**TASK BRIEF:**
Repeat exactly the lines running from the first line of the data to the line containing "Lampada da tavolo", both ends included, and nothing else; drop the pictures.

**STORED DATA:**
○ ○ ○ ○ ○
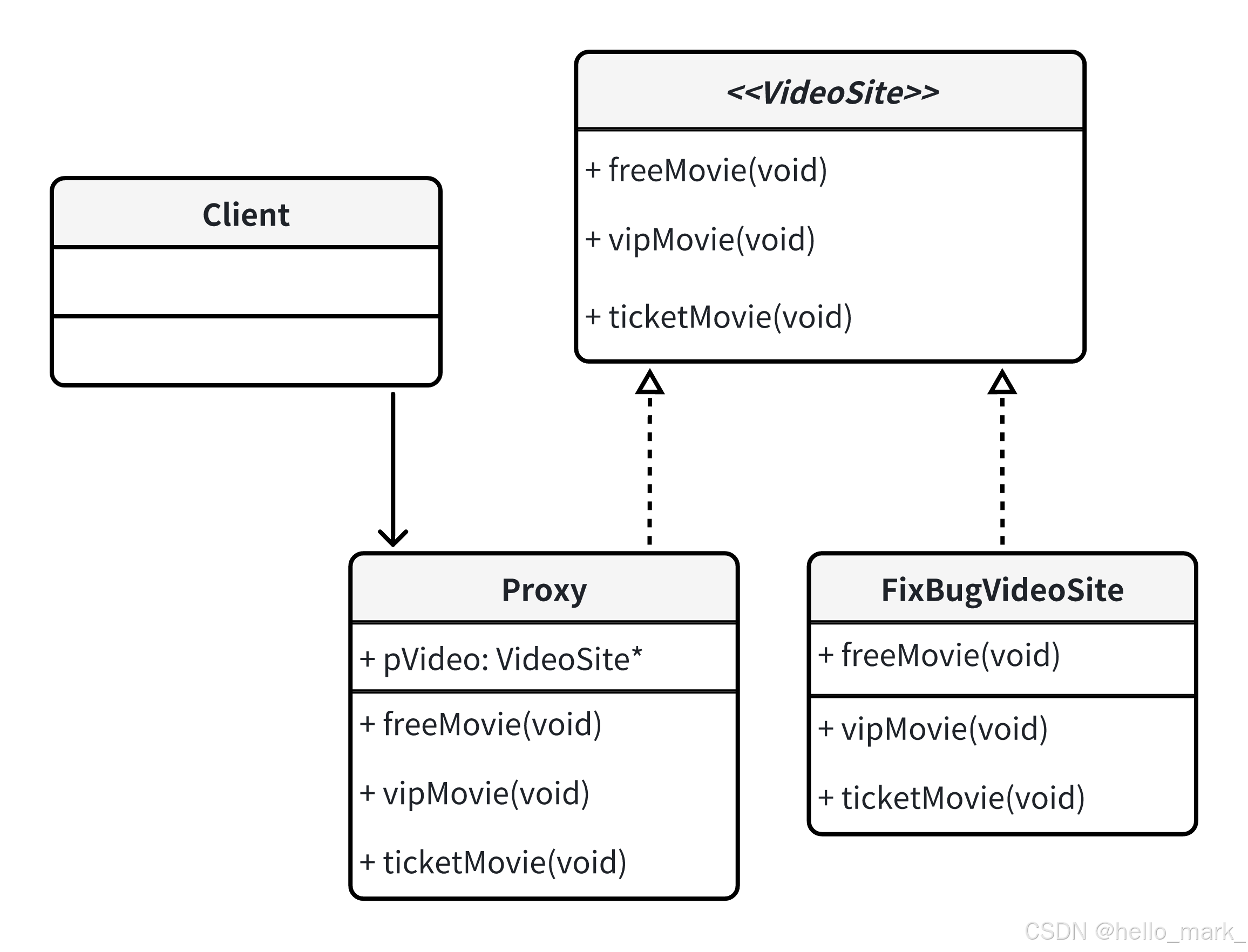 pVideo->freeMovie(); // 通过代理对象的freeMovie, 来访问真正委托类对象的freeMoive
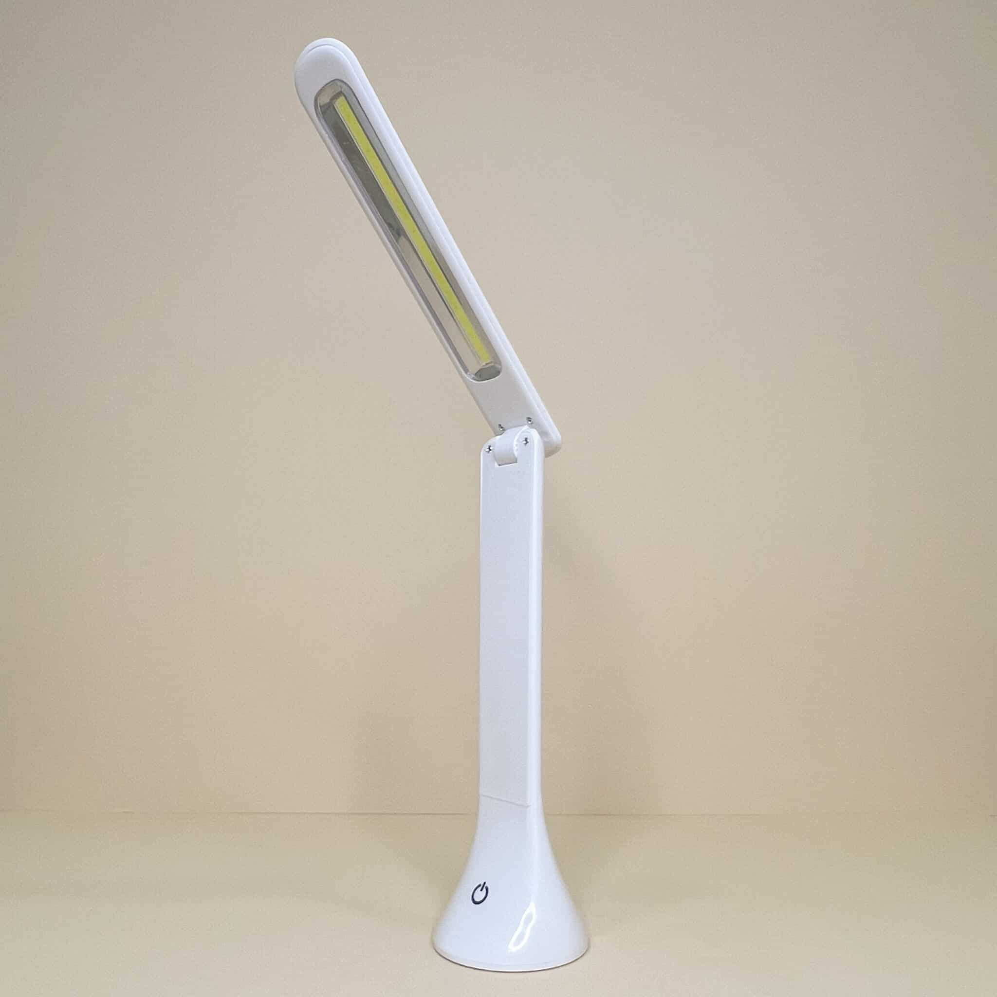 Lampada da tavolo con luce COB con pulsante touch a 3 gradazioni di luce pieghevole funziona o con cavo USB contenuto nella scatola o con 3 batterie AA non incluse.
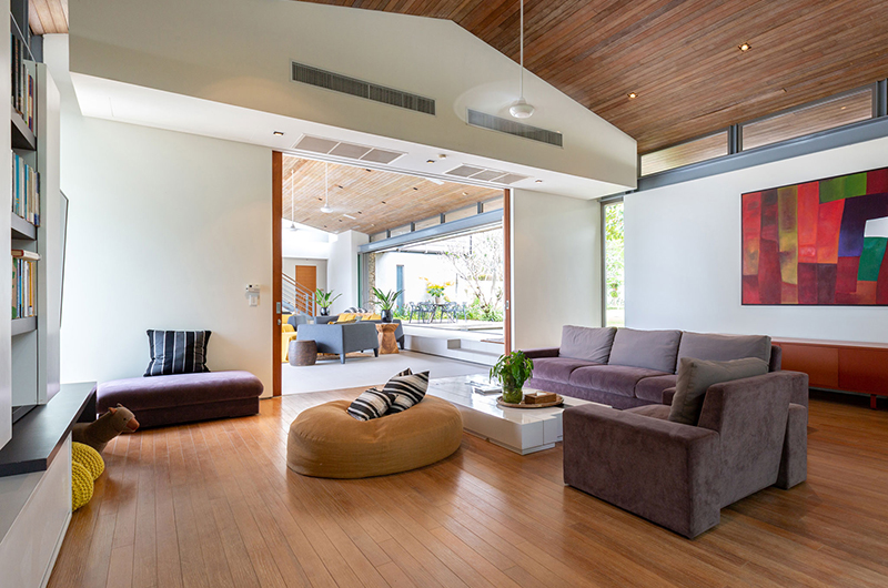 Set in a U-shaped layout around a 25-metre salt-water infinity pool, the villa seamlessly connects indoor and outdoor living. Floor-to-ceiling glass doors open to the sun deck, pool, and lawn, inviting sea breezes and breathtaking views. Inside, minimalist teak and tile finishes combine with designer furnishings for a serene yet luxurious atmosphere.
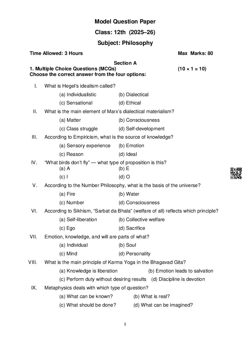 If you have any queries on PSEB 12th Philosophy Sample Paper 2026, then please ask in comments below.
○ ○ ○ ○ ○
**OUTPUT:**
 pVideo->freeMovie(); // 通过代理对象的freeMovie, 来访问真正委托类对象的freeMoive
 Lampada da tavolo con luce COB con pulsante touch a 3 gradazioni di luce pieghevole funziona o con cavo USB contenuto nella scatola o con 3 batterie AA non incluse.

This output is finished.